Exercise goal: Only the lines in the entries below from the line with "[워싱턴=AP/뉴시스]6일(현지시간) 미 워싱턴" to the line with "सभापतिको निर्णयमा असहमति", both included, belong in the answer, transcribed exactly and without pictures.

** Opening Data for review block **

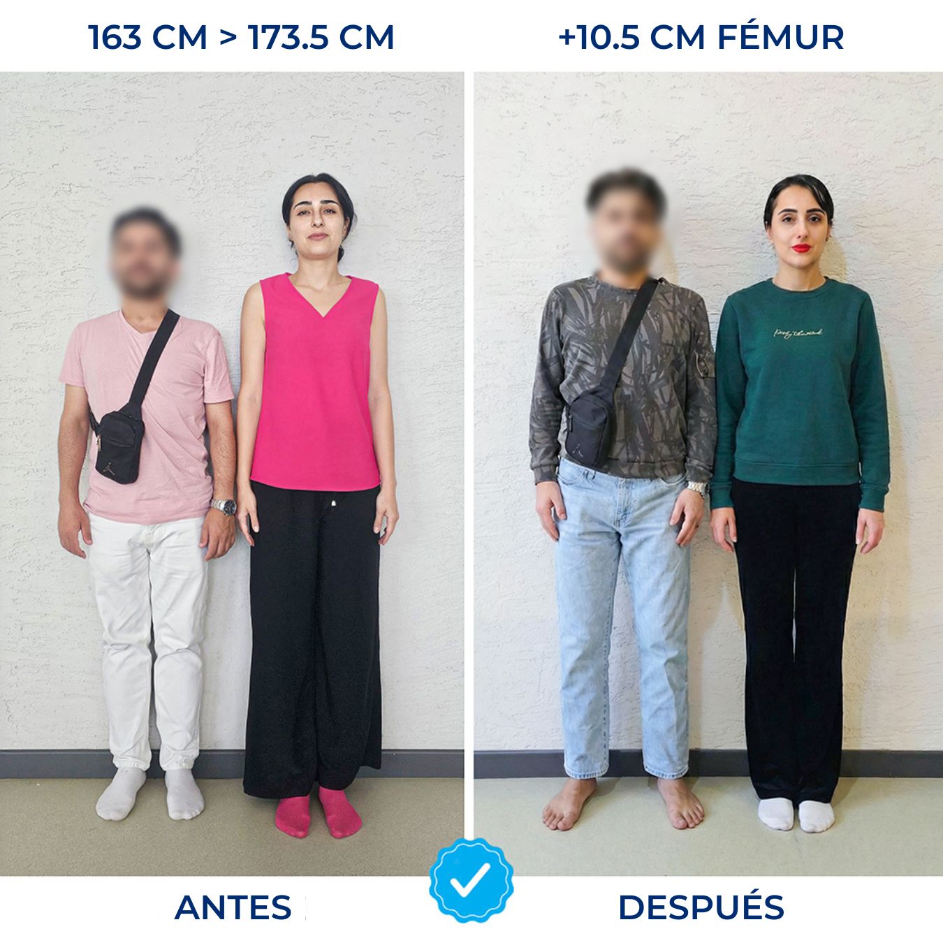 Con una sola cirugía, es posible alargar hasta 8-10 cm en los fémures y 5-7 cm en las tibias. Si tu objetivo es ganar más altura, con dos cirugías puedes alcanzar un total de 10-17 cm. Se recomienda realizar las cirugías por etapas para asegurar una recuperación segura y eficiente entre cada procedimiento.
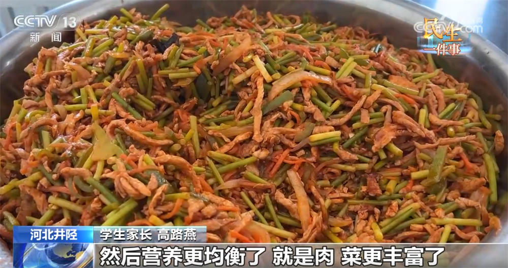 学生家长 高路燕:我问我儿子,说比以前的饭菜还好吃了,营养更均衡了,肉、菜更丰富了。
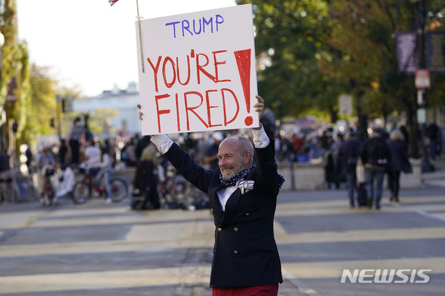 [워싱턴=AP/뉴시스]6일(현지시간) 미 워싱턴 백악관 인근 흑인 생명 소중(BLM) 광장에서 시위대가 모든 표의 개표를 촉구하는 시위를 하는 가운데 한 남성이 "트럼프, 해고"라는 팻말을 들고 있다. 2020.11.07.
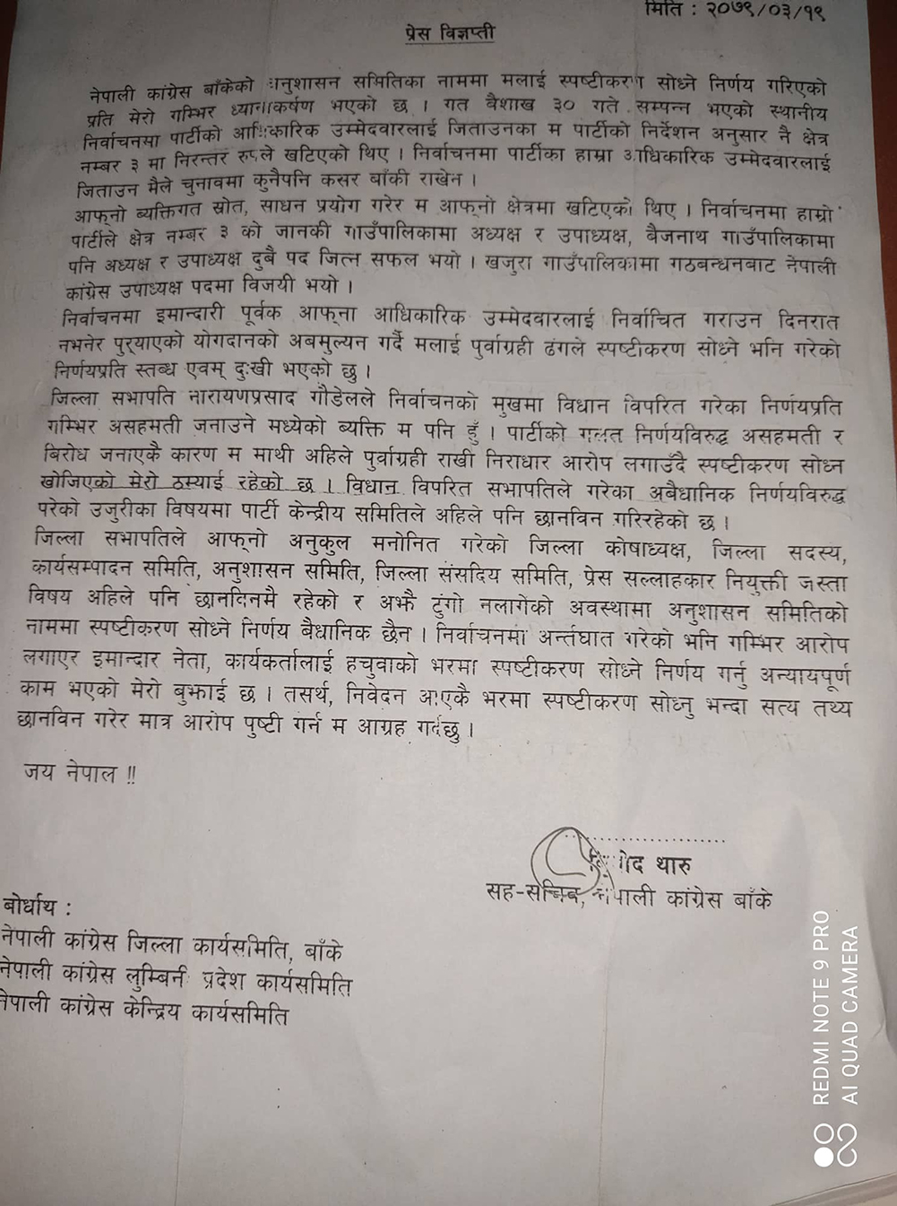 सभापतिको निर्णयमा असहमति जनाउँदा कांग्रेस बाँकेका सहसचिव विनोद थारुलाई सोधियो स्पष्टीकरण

** Closing Data for review block **
** Opening Data for review block **

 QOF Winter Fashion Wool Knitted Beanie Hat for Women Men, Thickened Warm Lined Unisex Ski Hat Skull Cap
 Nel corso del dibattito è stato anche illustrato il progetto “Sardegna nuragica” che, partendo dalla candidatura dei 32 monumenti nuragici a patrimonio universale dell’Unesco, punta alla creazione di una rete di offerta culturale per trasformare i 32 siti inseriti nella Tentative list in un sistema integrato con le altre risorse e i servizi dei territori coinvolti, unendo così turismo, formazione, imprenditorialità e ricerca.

** Closing Data for review block **

Answer area:
 [워싱턴=AP/뉴시스]6일(현지시간) 미 워싱턴 백악관 인근 흑인 생명 소중(BLM) 광장에서 시위대가 모든 표의 개표를 촉구하는 시위를 하는 가운데 한 남성이 "트럼프, 해고"라는 팻말을 들고 있다. 2020.11.07.
 सभापतिको निर्णयमा असहमति जनाउँदा कांग्रेस बाँकेका सहसचिव विनोद थारुलाई सोधियो स्पष्टीकरण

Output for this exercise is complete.